PROVIDED RECORDS:
-*-*-

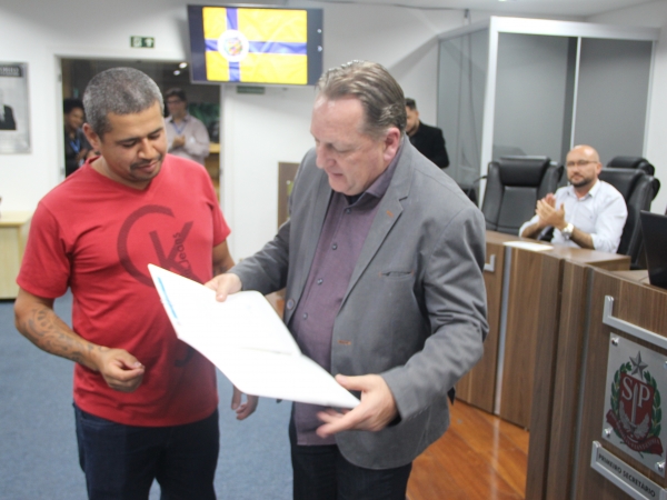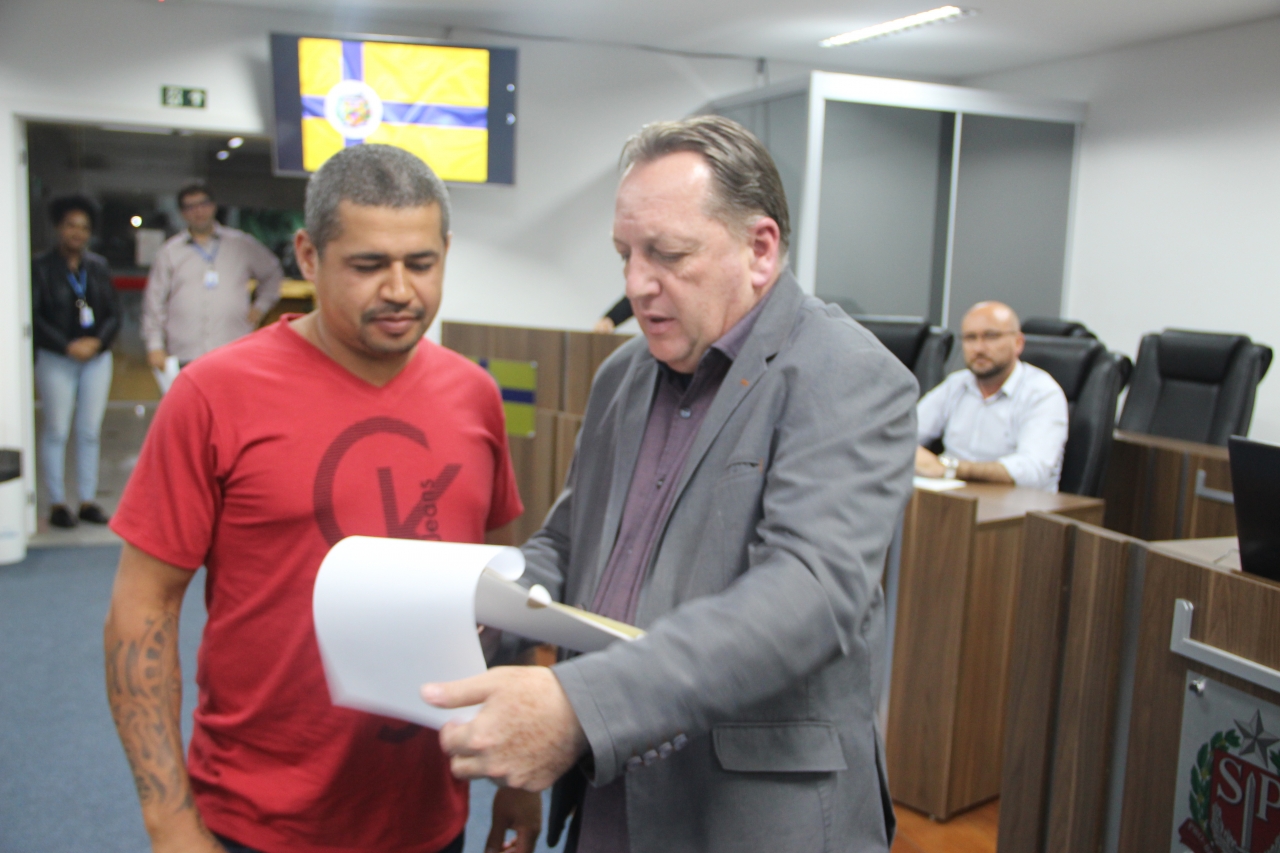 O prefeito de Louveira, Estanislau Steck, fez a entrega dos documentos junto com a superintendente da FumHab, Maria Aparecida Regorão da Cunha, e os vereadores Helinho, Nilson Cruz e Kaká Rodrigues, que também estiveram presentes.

-*-*-

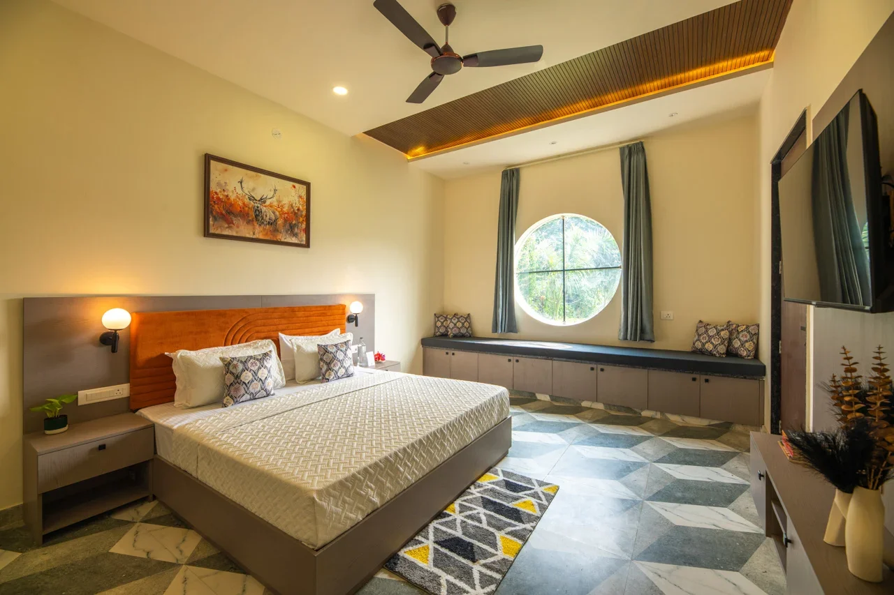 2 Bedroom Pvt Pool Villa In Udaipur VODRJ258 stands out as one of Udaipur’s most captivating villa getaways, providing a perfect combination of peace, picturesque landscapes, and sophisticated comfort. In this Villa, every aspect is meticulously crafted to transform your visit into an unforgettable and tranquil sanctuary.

-*-*-

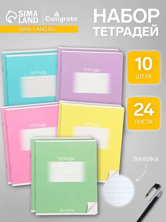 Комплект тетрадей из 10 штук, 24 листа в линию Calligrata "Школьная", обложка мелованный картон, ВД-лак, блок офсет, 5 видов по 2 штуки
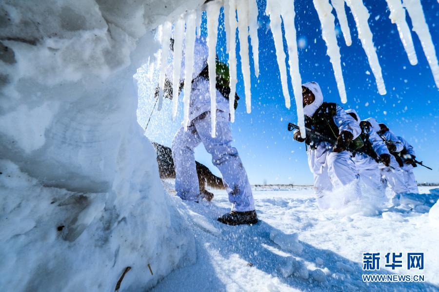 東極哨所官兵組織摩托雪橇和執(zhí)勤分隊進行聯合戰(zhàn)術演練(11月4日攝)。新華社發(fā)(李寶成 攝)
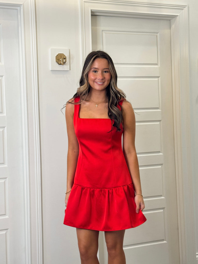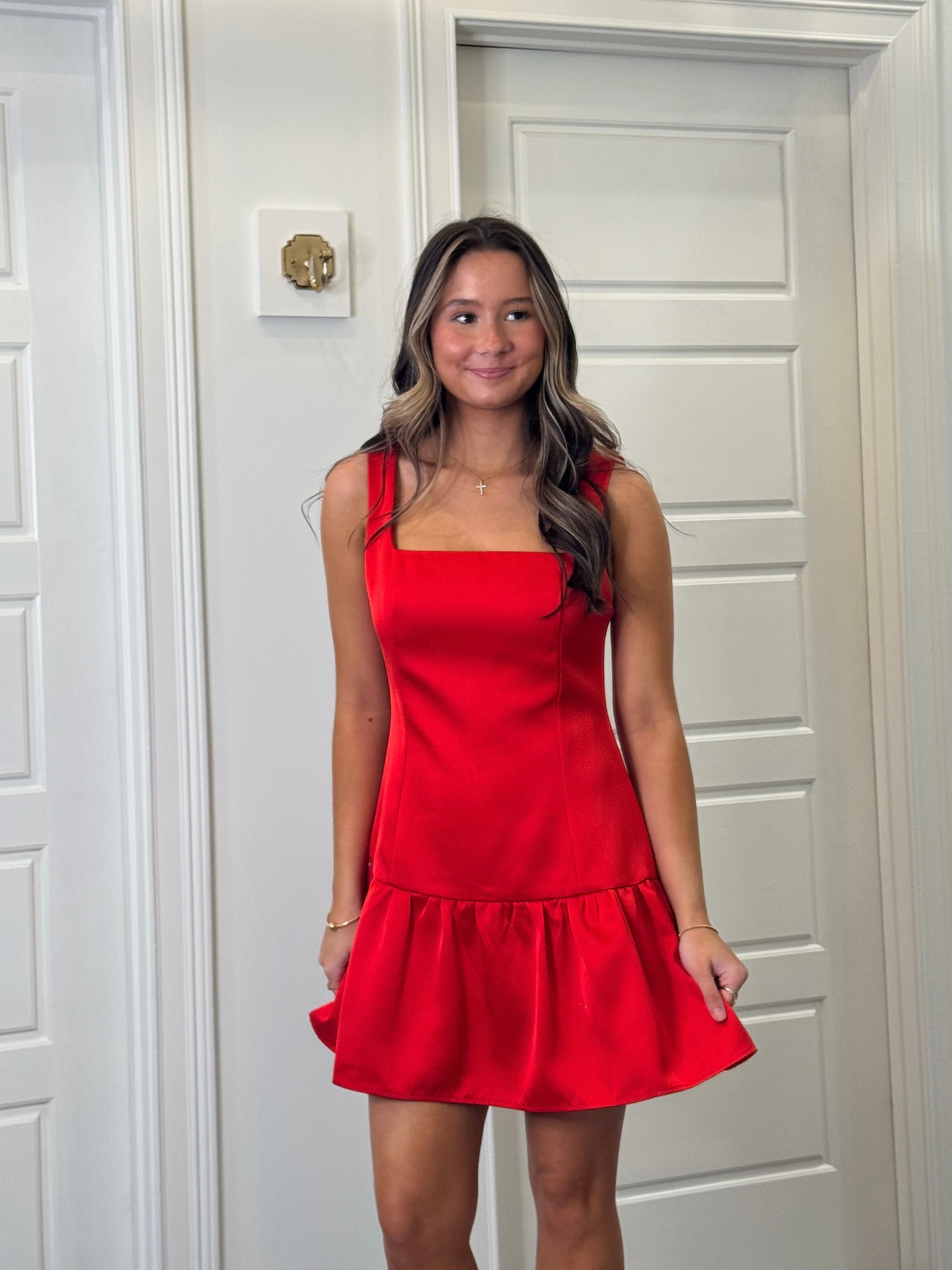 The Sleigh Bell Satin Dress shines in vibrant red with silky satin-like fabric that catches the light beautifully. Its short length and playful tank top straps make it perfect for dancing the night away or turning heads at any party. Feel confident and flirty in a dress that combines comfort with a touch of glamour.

-*-*-

TASK REQUIREMENTS:
Above are records; write out the lines from the one with "Комплект тетрадей из" down to the one with "The Sleigh Bell", exactly, leaving the pictures out.

ANSWER AREA:
 Комплект тетрадей из 10 штук, 24 листа в линию Calligrata "Школьная", обложка мелованный картон, ВД-лак, блок офсет, 5 видов по 2 штуки
 東極哨所官兵組織摩托雪橇和執(zhí)勤分隊進行聯合戰(zhàn)術演練(11月4日攝)。新華社發(fā)(李寶成 攝)
 The Sleigh Bell Satin Dress shines in vibrant red with silky satin-like fabric that catches the light beautifully. Its short length and playful tank top straps make it perfect for dancing the night away or turning heads at any party. Feel confident and flirty in a dress that combines comfort with a touch of glamour.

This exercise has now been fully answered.